DATA RECORDS START
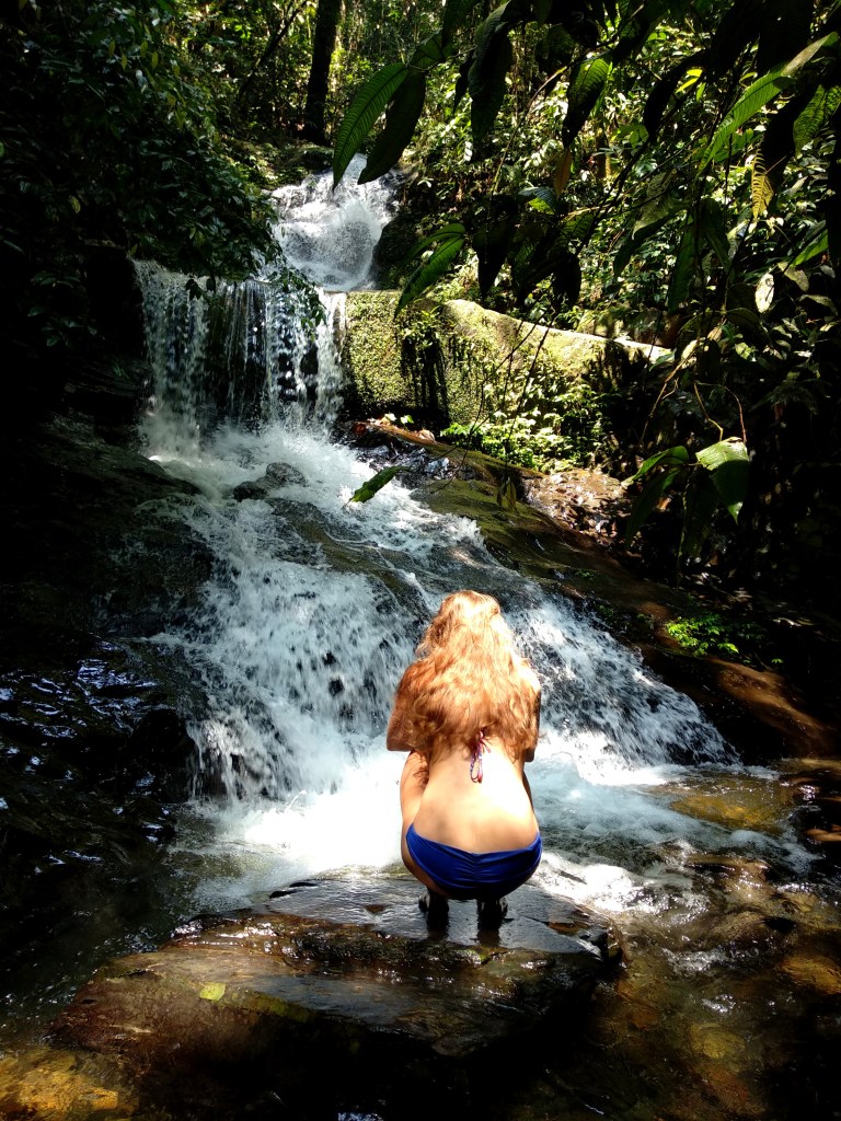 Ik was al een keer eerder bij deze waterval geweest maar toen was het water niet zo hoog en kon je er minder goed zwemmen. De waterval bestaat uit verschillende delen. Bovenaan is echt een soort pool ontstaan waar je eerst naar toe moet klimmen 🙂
DATA RECORDS END
DATA RECORDS START
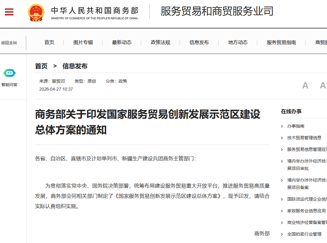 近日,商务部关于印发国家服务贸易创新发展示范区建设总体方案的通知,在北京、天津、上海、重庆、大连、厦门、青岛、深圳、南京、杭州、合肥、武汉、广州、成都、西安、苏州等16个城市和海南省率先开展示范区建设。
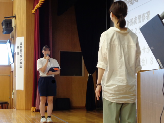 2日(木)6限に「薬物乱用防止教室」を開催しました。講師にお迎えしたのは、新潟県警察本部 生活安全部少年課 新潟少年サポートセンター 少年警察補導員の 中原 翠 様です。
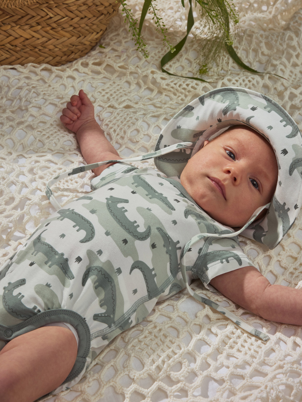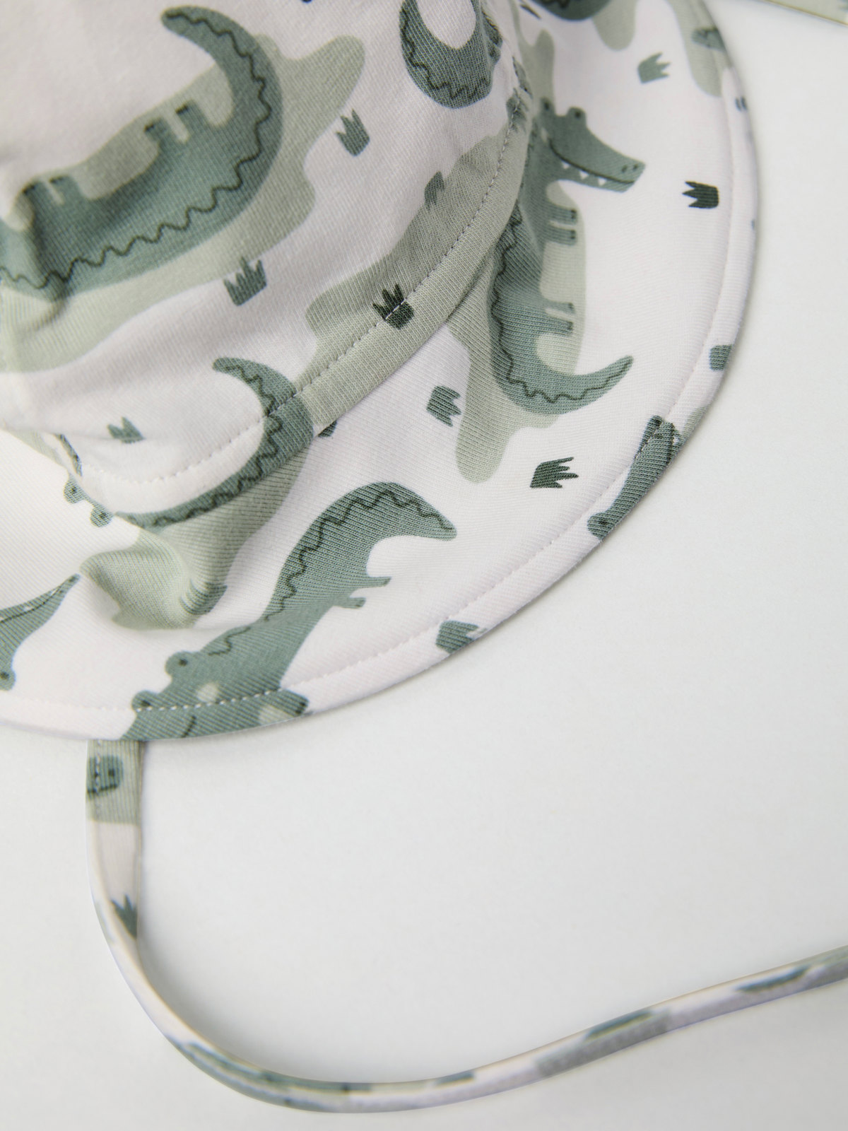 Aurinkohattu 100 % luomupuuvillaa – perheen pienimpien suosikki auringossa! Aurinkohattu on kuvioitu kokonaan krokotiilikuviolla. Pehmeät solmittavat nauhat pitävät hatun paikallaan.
DATA RECORDS END
## YOUR ASSIGNMENT
Leaving out all pictures, set down exactly the lines of the material above, from the line with "近日,商务部关于印发国家服务" to the line with "Aurinkohattu 100 %" inclusive, and no others.

## RESPONSE AREA
 近日,商务部关于印发国家服务贸易创新发展示范区建设总体方案的通知,在北京、天津、上海、重庆、大连、厦门、青岛、深圳、南京、杭州、合肥、武汉、广州、成都、西安、苏州等16个城市和海南省率先开展示范区建设。
 2日(木)6限に「薬物乱用防止教室」を開催しました。講師にお迎えしたのは、新潟県警察本部 生活安全部少年課 新潟少年サポートセンター 少年警察補導員の 中原 翠 様です。
 Aurinkohattu 100 % luomupuuvillaa – perheen pienimpien suosikki auringossa! Aurinkohattu on kuvioitu kokonaan krokotiilikuviolla. Pehmeät solmittavat nauhat pitävät hatun paikallaan.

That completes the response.